Xref: utzoo comp.misc:2089 comp.arch:3905
Path: utzoo!mnetor!uunet!husc6!mailrus!nrl-cmf!ames!sgi!bron
From: bron@olympus.SGI.COM (Bron C. Nelson)
Newsgroups: comp.misc,comp.arch
Subject: Re: Instruction Scheduling
Message-ID: <12678@sgi.SGI.COM>
Date: 12 Mar 88 02:34:19 GMT
References: <12513@sgi.SGI.COM> <12560@sgi.SGI.COM>
Sender: daemon@sgi.SGI.COM
Organization: Silicon Graphics Inc, Mountain View, CA
Lines: 78
Keywords: optimization   pipeline constraints  code re-organization
Summary: Questions for existing compilers/architectures


What you need to know in order to do decent instruction scheduling
is the idea of "dependence;" you need to know which instructions
MUST preceed which other instructions, and which can be done
independently.  For ALU ops, the dependencies can be seen in the
register usage.  The real problem is loads/stores.  Without
some kind of analysis, you cannot move a load past a store, and
you cannot move a store past a load OR a store.  This can severely
inhibit the amount of re-ordering that can be done, particularly
if you only schedule a basic block at a time.

The question I want the answer to is: how much and what kind of
analysis is actually done by the various compilers Out There?

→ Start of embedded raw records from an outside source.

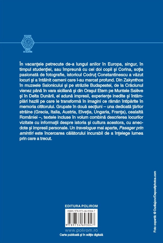 În vacanțele petrecute de-a lungul anilor în Europa, singur, în timpul studenției, sau împreună cu cei doi copii și Corina, soția pasionată de fotografie, istoricul Codruț Constantinescu a văzut locuri și a întâlnit oameni care l-au marcat profund. Din Zakynthos în muzeele Salonicului și pe străzile Budapestei, de la Crăciunul vienez până în vara siciliană și din Orașul Etern pe Muntele Salève și în Delta Dunării, el adună impresii, experiențe inedite și întâmplări hazlii pe care le transformă în imagini ce rămân întipărite în memoria cititorului. Grupate în două secțiuni – una dedicată țărilor străine (Grecia, Italia, Austria, Elveția, Ungaria, Franța), cealaltă României –, textele incluse în volum combină descrierea locurilor vizitate cu informații despre istoria și cultura acestora, cu anecdote și impresii personale. Un travelogue mai aparte, Pasager prin amintiri este încercarea călătorului incurabil de a înțelege lumea prin care a trecut.
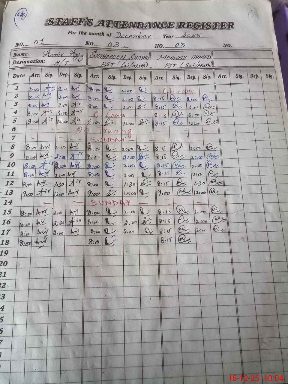 | CNIC | Full Name | Designation | R/C | Absence during last cal. month |
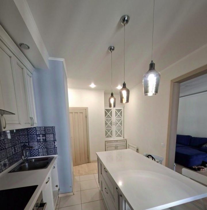 Сдается уютная просторная квартира в ЖК Европа Сити, с большой кухней - 18 кв.м, две комнаты, из гостинной - 18 кв.м вход в кухню, из кухни вход в спальню - 15 кв.м, санузел совмещенный.

To do a really good job, you need the kind of data dependence
analysis that a vectorizing compiler does.  Cray Research, Multiflow,
and Ardent Computer are the only firms I know of for sure that generate
and this kind of information and then use it when doing instruction
scheduling.  (I'd bet that IBM, CDC, NEC, etc. do it too, but I don't
know for sure).  One problem is that data dependence analysis is done
at a fairly high level, while instruction scheduling is a very low
level optimization.  Transmitting the information through the compiler
can be hard.  Question:  How detailed is the information passed
to the instruction scheduler?  Anyone at Cray/Multiflow/Ardent etc.
care to say?

A lot of things that occur in practice can be seen to be independent
without resorting to full data dependence analysis (disjoint, global
arrays, scalars from the stack, etc.)  How much of this kind of analysis
is done by various compilers?  What sort of disambiguation has been
found most useful for scheduling?  Anyone at MIPSco, AMD, GE, Mot.,
Sun, etc.  care to enlighten us?

Studies done several years ago (sorry, don't have the references, but
I believe they are cited in Ellis's "Bulldog" thesis bibliography)
showed that in typical Fortran programs, a basic block only has about
a factor of 2 of parallelism in the operations.  For cpu's with only a
few 2 cycle instructions (e.g. load/branch like the original Berkeley
RISC and Stanford MIPS machines) this is probably enough; you could
typically find enough "local" parallelism to fill the slots most of
the time.  If many of your instructions take multiple cycles (e.g.
a Cray X-MP where even doing an address-length (24bit) integer add
takes 2 cycles, and a load takes 14), you need to do more, or you'll
wait a lot.  For example, a measurement done at LLNL in July of
1985 showed that nearly **60%** of the cycles on their Cray X-MP48
were spent interlocked waiting for results of previous computations.
(This does NOT count time spent waiting after a branch, which is
probably about another 5-10%.)  Clearly, sceduling only within a
basic block was not enough; the recent Cray compilers will push
some operations (i.e. loads) across block boundries.  VLIW machines
have the same sort of problem; the machine is capable of issuing
instructions faster than the (data dependent) computations can deliver
results.  VLIW machines also break block boundries to find more
instructions to issue concurrently.

The whole point of the last paragraph is to say that the amount of
worry you put into this optimization is very dependent on the payoff
your particular hardware can get out of it (no surprise), and that
the payoff varies dramatically from machine to machine.  SO, the
question (finally!) is:  for YOUR particular architecture, how much
time is spent interlocked (or executing NO-OPs for those machines
without interlocks)?  Aggregate numbers and integer only numbers are
fine, but particularly interesting would be numbers involving multi-
cycle instructions (e.g. floating point).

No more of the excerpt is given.